WORK INSTRUCTION: The copy should begin at the line containing "Asimismo, se crearon" and end with the last line below, every line exact and no picture included.

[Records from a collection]
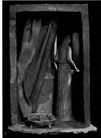
Arturo Martini "A ttesa"
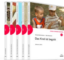
Set 2: Singen, Schreiben und mehr
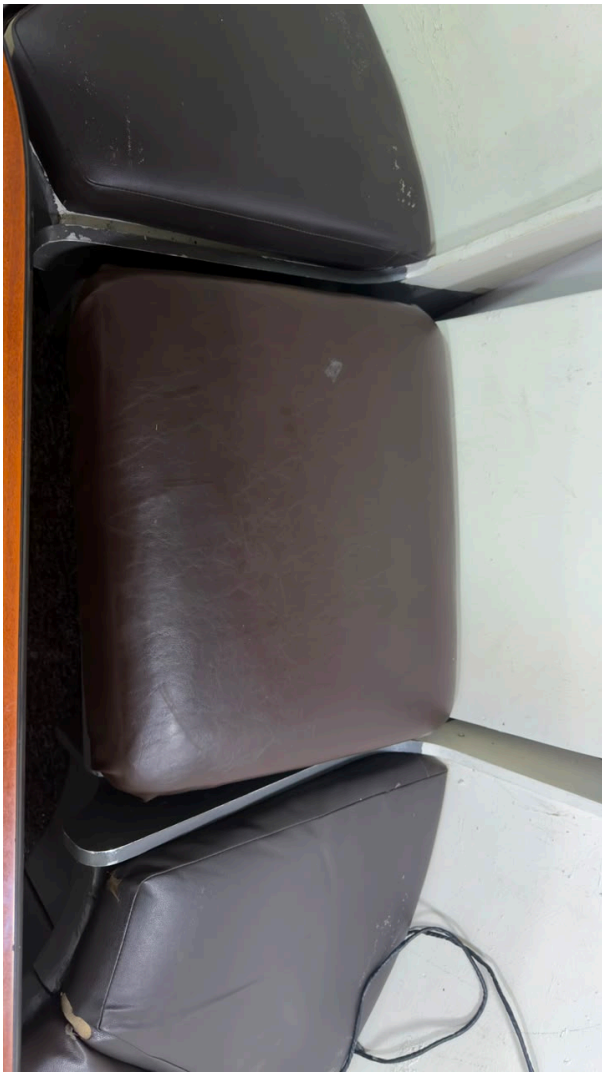
Figura 3 – Almofada vertical apresentando descascamento do revestimento sintético.
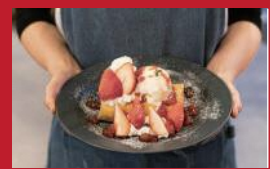
自家製ジャムのいちごシュー

橋屋本舗(お菓子のハシモトヤ パイビス店) | 480円 | ■諫早市鷺崎町308-5 ■電話番号:0957-21-3858
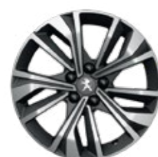
17" MERION, diamond cut, two-tone
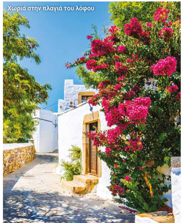
Χωριά στην πλαγιά του λόφου

Ζούμε την εμπειρία του αυθεντικού τρόπου ζωής στην καρδιά της υπαίθρου στην Πάτμο.
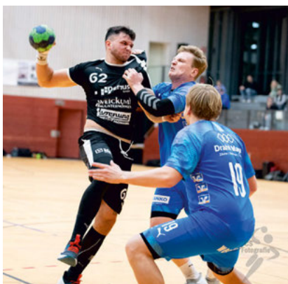
Die jungen Talente der SGSW spielten erneut mutig mit
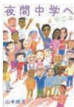
「夜間中学へようこそ」 岩崎書店
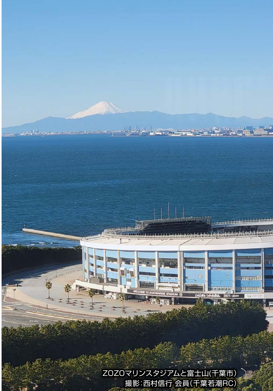
ZOZOマリンスタジアムと富士山(千葉市)

To Club Presidents Secretaries in District 2790 (CHIBA)
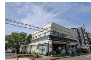
フレスコ 徒歩 13～15分
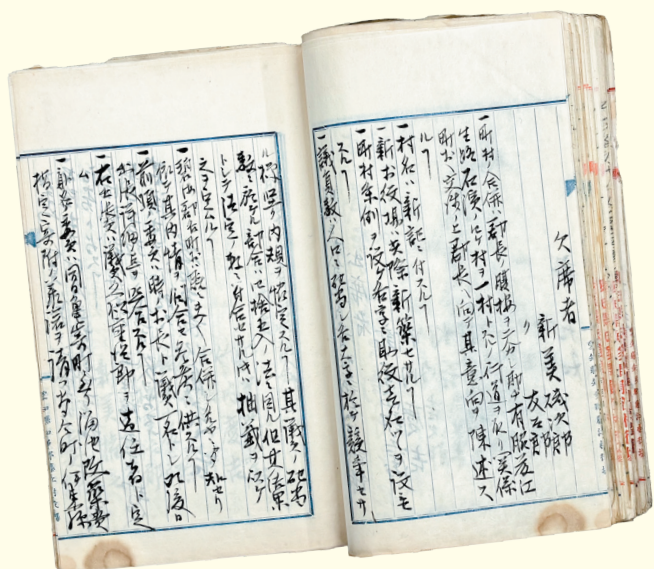
協議案並決議録 1905年(明治38)11月

1906年(明治39)、森岡・緒川・石浜・生路・藤江の五か村が合併し東浦村が誕生しました。合併から120年、昭和も満100年となりました。東浦村ができた頃から戦争と敗戦、高度経済成長を遂げた激動の昭和時代まで、時代の変化とともに東浦もそのすがたを変えてきました。本企画展では、町の基盤となる事柄をとりあげ、その変遷をたどりながら、明治時代の終わりから昭和時代の東浦の出来事を紹介します。
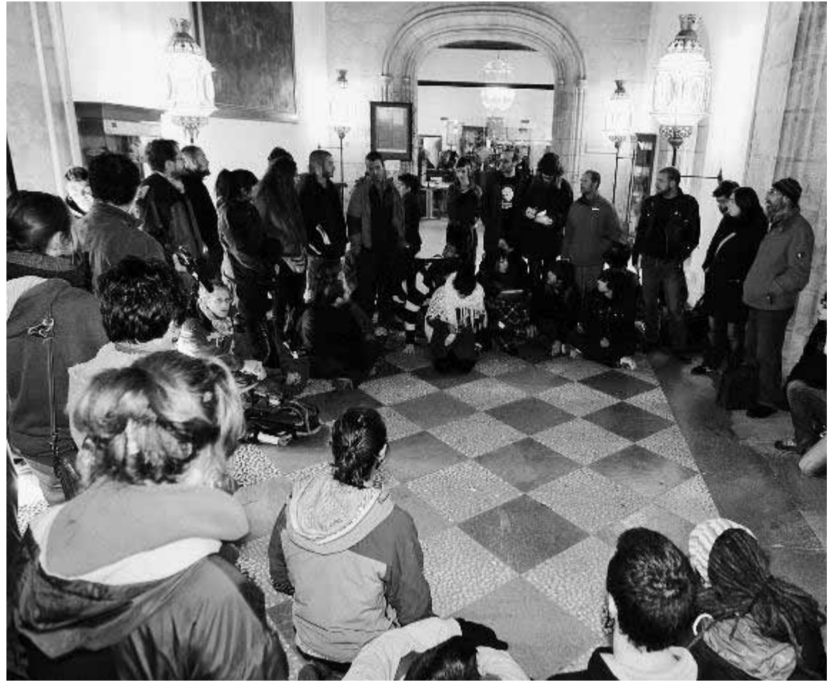
Miembros del colectivo, en el interior del Hospital Real.
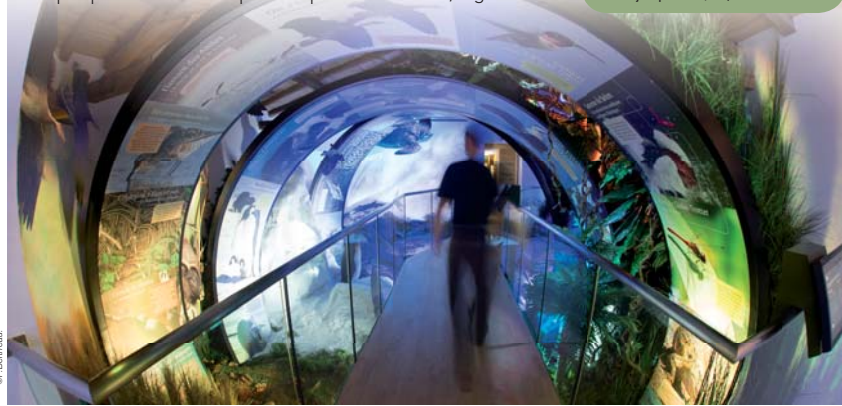
Dernière saison pour profiter de l'exposition sur les migrations animales les plus insolites à la Cité des Oiseaux.
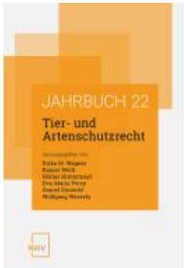
Tier- und Artenschutzrecht Ladenpreis: 84,00EUR
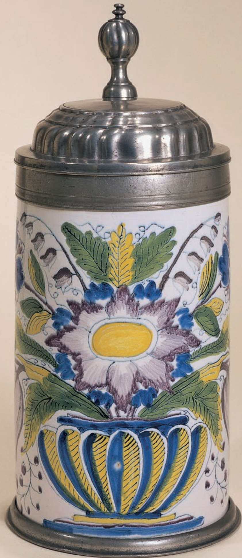
49. Schrattenhofener Fayencewalzenkrug in bunter Scharfffeuermalerei um 1770, H. 25 cm
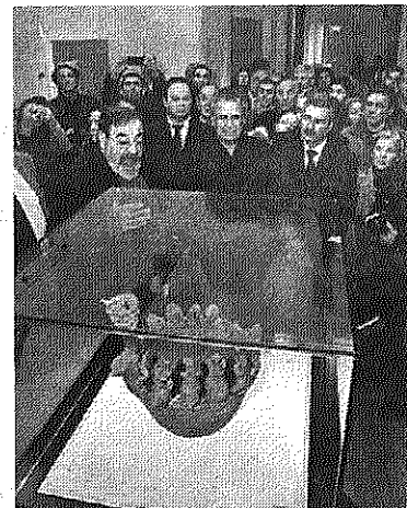
Vaso islâmico em exposição
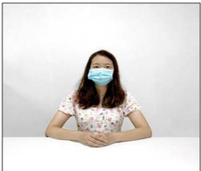
图2：正前方第一机位效果图
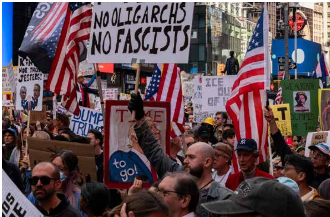
New York, 18 ottobre 2025. Grande manifestazione contro Trump

un'intervista a La7: "Io non parlerei di un'incrinarsi dei rapporti tra Stati Uniti ed Europa. Io penso che quello che c'è scritto in questo documento strategico, al di là di quelli che sono i giudizi sulla politica dell'Unione Europea, alcuni dei quali io condivido - che la politica europea sulla migrazione in passato sia stata sbagliata, tant'è che la stiamo correggendo, sono assolutamente d'accordo - dica magari con toni più assertivi, qualcosa che nel dibattito tra Stati Uniti e Europa va avanti da molto tempo. E penso che parli di quello che alcuni di noi hanno avuto il coraggio di definire molto tempo fa un processo storico inevitabile".
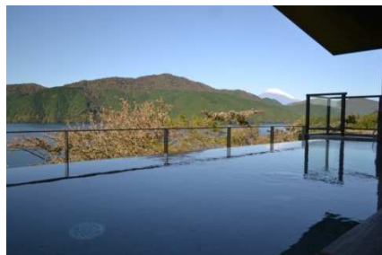
女性用露天風呂からの芦ノ湖と富士山
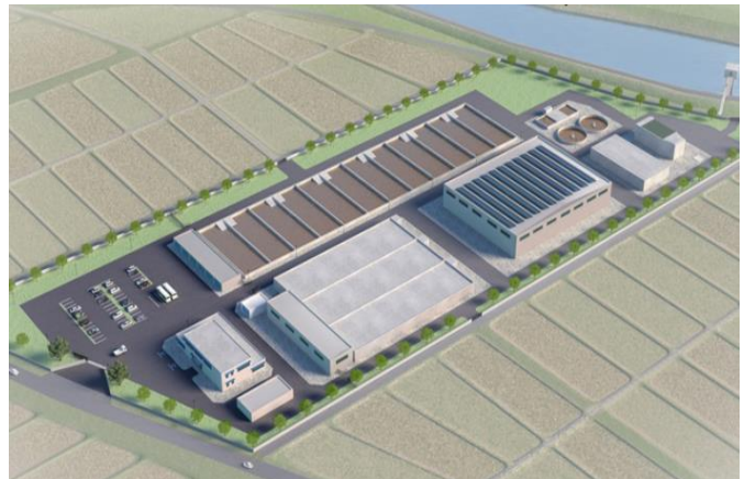
※統合浄水場イメージ図
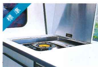
標準 カセットレンジ
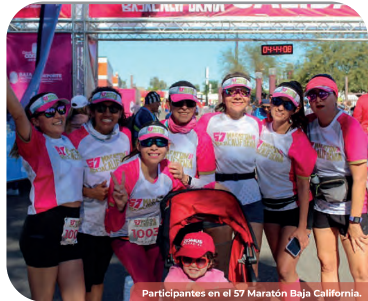
Participantes en el 57 Maratón Baja California.

Asimismo, se crearon siete comités vecinales de noviembre a diciembre de 2023 para llevar a cabo trabajos de vigilancia, mantenimiento y administración de los espacios públicos deportivos, a quienes se les hizo entrega de material deportivo para su desarrollo. De enero a octubre de 2024, se conformaron 18 comités buscando otorgar a la sociedad opciones de actividad
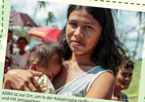
ADRA ist vor Ort, um in der Katastrophe Hoffnung zu spenden und mit anzupacken.

Matthias Münz, Referent Öffentlichkeitsarbeit ADRA ■

EXERCISE RESULT:
Asimismo, se crearon siete comités vecinales de noviembre a diciembre de 2023 para llevar a cabo trabajos de vigilancia, mantenimiento y administración de los espacios públicos deportivos, a quienes se les hizo entrega de material deportivo para su desarrollo. De enero a octubre de 2024, se conformaron 18 comités buscando otorgar a la sociedad opciones de actividad
ADRA ist vor Ort, um in der Katastrophe Hoffnung zu spenden und mit anzupacken.

Matthias Münz, Referent Öffentlichkeitsarbeit ADRA ■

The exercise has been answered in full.